Avoir travaillé à Matignon reste pour tous ceux qui ont eu l’honneur de le faire une expérience inoubliable. Travailler à Matignon dans les années 1981-1984 auprès de Pierre Mauroy et alors que la gauche accédait au pouvoir pour la première fois dans la Ve République, restera pour moi, et je le sais pour tous ceux qui y étaient aussi, un moment de vie formateur et formidable.

Comme mes fonctions touchaient à la fois aux relations avec les journalistes avec le service de presse et à la rédaction de discours avec le conseiller spécial, j’ai profité d’un poste d’observation passionnant et trépidant à la fois puisque Matignon constitue le centre névralgique de la politique et de l’administration gouvernementale. Au sein du cabinet, les responsables de la presse et ceux des discours ont accès partout avec l’accord du directeur de cabinet. En outre, les relations étaient faciles avec Pierre Mauroy que je connaissais comme journaliste accréditée au PS depuis quelques années. À mon arrivée, j’ai pu constater combien l’exercice du pouvoir à ce niveau se trouve rigidement codé et se prête peu aux interprétations ni aux aménagements.

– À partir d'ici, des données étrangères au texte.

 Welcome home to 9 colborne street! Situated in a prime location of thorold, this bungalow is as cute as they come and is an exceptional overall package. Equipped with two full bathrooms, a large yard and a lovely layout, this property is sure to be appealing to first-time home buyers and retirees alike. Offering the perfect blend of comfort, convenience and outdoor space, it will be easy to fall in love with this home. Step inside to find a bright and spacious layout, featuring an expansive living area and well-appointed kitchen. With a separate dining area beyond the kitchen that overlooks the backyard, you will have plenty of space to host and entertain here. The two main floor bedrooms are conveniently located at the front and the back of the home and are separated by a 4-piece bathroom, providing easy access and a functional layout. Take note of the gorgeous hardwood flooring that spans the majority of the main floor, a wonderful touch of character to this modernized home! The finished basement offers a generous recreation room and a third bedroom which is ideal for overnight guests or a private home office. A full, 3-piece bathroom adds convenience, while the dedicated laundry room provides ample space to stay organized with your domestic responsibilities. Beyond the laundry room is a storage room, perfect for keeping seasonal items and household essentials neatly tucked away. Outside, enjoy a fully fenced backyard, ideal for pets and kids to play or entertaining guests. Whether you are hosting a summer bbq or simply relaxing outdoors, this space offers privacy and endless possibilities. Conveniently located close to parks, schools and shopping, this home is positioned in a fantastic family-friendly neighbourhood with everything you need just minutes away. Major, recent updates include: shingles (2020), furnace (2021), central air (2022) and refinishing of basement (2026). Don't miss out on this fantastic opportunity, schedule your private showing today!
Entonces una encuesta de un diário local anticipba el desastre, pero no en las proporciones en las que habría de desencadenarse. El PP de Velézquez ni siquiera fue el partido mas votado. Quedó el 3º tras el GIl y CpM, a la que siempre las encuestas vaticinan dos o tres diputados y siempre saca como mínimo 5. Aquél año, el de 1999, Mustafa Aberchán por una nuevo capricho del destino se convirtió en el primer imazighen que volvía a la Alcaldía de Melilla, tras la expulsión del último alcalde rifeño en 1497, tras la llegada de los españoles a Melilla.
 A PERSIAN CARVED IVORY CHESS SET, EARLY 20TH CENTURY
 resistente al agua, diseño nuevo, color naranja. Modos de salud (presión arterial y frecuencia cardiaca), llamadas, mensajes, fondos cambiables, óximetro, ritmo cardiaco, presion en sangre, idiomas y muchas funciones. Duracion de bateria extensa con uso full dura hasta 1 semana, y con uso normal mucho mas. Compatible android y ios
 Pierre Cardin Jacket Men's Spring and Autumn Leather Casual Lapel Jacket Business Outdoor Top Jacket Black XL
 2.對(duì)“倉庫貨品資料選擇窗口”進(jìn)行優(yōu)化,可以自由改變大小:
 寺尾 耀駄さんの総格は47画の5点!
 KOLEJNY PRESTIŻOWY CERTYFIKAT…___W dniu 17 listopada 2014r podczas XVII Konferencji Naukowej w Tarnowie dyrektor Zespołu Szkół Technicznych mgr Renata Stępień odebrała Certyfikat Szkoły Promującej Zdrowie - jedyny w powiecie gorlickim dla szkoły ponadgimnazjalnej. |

Pierre Mauroy, par nature homme direct et franc, s’est trouvé, au début de ses fonctions officielles, un peu encombré par les nombreux protocoles et formalismes qui scandent et ponctuent les différentes manifestations auxquelles le Premier ministre se doit d’assister et de se conformer. Une anecdote parisienne : en fin de journée, me croisant dans la cour de Matignon, Mauroy me demande comment s’est passé ma journée et me propose avec gentillesse de me raccompagner en voiture chez moi, près de la Sorbonne. Prenant le volant de l’une des voitures garées là, il me conduit le long du boulevard Saint-Germain pour me déposer à mon immeuble. Arrêtés par le feu rouge au carrefour de la rue des Saints Pères, je constate que les conducteurs se montrent discrètement étonnés de constater que le Premier ministre se trouve au volant d’une voiture banale à côté d’eux.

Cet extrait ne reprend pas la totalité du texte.